Because most heroes were closely identified with specific cities, lineages and/ or ethnic groups, Archaic poleis made extensive use of heroic cult as a symbolic system to convey messages about political relationships. The Athenian tribal epfOnumoi illustrate how heroes functioned as symbols of group identity, and the extent to which Athens both valued and manipulated heroic cult. Around 500, Kleisthenes reformed the tribal system by restructuring the four old Ionian tribes as ten new units, each containing a balance of citizens from different parts of Attica. The new tribes were political constructs with no kinship bonds to unify them, yet each was assigned a hero as its “founder” and each tribe was named for its hero. In the new democracy, it was by tribe that the Athenians voted, filled public offices, mustered for military service, and commemorated their war dead. With the assistance of Delphi, Kleis-thenes selected a group of Attic heroes that heavily favored legendary kings (Kekrops, Pandion, Aigeus, Erechtheus). Others in the list had special connections with places important to Athens, such as Salamis (Ajax), Eleusis (Hippothoon), and Thrace (Akamas). All had preexisting cults and shrines, which were supplemented by a monument in the agora, a narrow base topped by ten bronze statues of the heroes. On the wall around the base were posted notices of lawsuits, pending legislation, muster rolls, and other information of public interest. In the 460s, statues of the eponymous heroes fashioned by Pheidias were financed by Persian spoils from the battle of Marathon and dedicated at Delphi.9

From the sixth century on, there was a widespread belief in the talismanic powers of heroic remains, diligently fostered by the Delphic oracle. The presence of certain heroes and heroines brought prosperity and protected a city from its enemies, just as the Palladion, a famous statue of Athena, once protected Troy until Odysseus penetrated the city’s defenses to steal it. Bones served as physical confirmation of a hero’s presence, so heroes could be discovered, lost, transferred, and stolen via this medium. (Therefore the exact location of some heroic tombs, like those of Dirke in Thebes or Oedipus in Kolonos, was kept secret.) Around 550, the Spartans became embroiled in a war with Tegea.
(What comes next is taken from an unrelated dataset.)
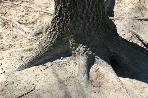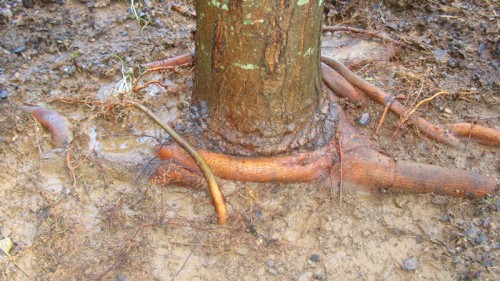 When a root closely circles a tree trunk rather than growing outward, it is called a “girdling root”. The situation usually starts when the tree is young. Somehow a root begins circling the trunk. As it grows larger and the trunk expands, pressure against the tree base limits water and nutrients going to the leaves.

Consulting Delphi about what ritual actions they should take in order to bring about a victory, they were told to “bring in the bones of Orestes” and given a set of riddling directions for finding his grave inside enemy territory (Hdt. 1.67). Spartan propaganda had it that their subsequent hegemony in the Peloponnese was due to the discovery of bones belonging to a ten-foot giant, clearly those of a hero, and the installation of these remains in the Spartan agora. In spite of the Spartans’ Dorian ethnicity, they took pains to establish ties with their Achaian, heroic predecessors through cultivation of the Pelopid heroes: Agamemnon, Menelaos, and Orestes. The Spartan hunger to control the legacy of the Pelopids, and win their favor, even extended to Orestes’ son Teisamenos, whose relics were brought from Achaia to Sparta in response to yet another oracle from Delphi.10

Heroines too were of interest to the collectors of relics. A Theban tradition held that the body of Herakles’ mother Alkmene was miraculously replaced by a stone, which the citizens piously installed in her shrine. At Haliartos in Boiotia, a second purported tomb of Alkmene was opened by Agesilaos (c. 379), who planned to move her remains to Sparta. The Spartans were disappointed in the modest contents of the tomb: a stone, a bronze bracelet, two amphoras filled with what appeared to be hardened earth, and a bronze tablet inscribed with strange characters. They went so far as to send the tablet to Egypt for “translation.” Disasters and portents followed the violation of the tomb, and attempts were made to propitiate its angry occupant and her husband Aleus, whom the Haliartans identified with the underworld judge Rhadamanthys.11 The story shows that the fourth-century Spartans maintained the interest in relics shown by their forefathers, and that they were eager to possess remains associated with Herakleid ancestry.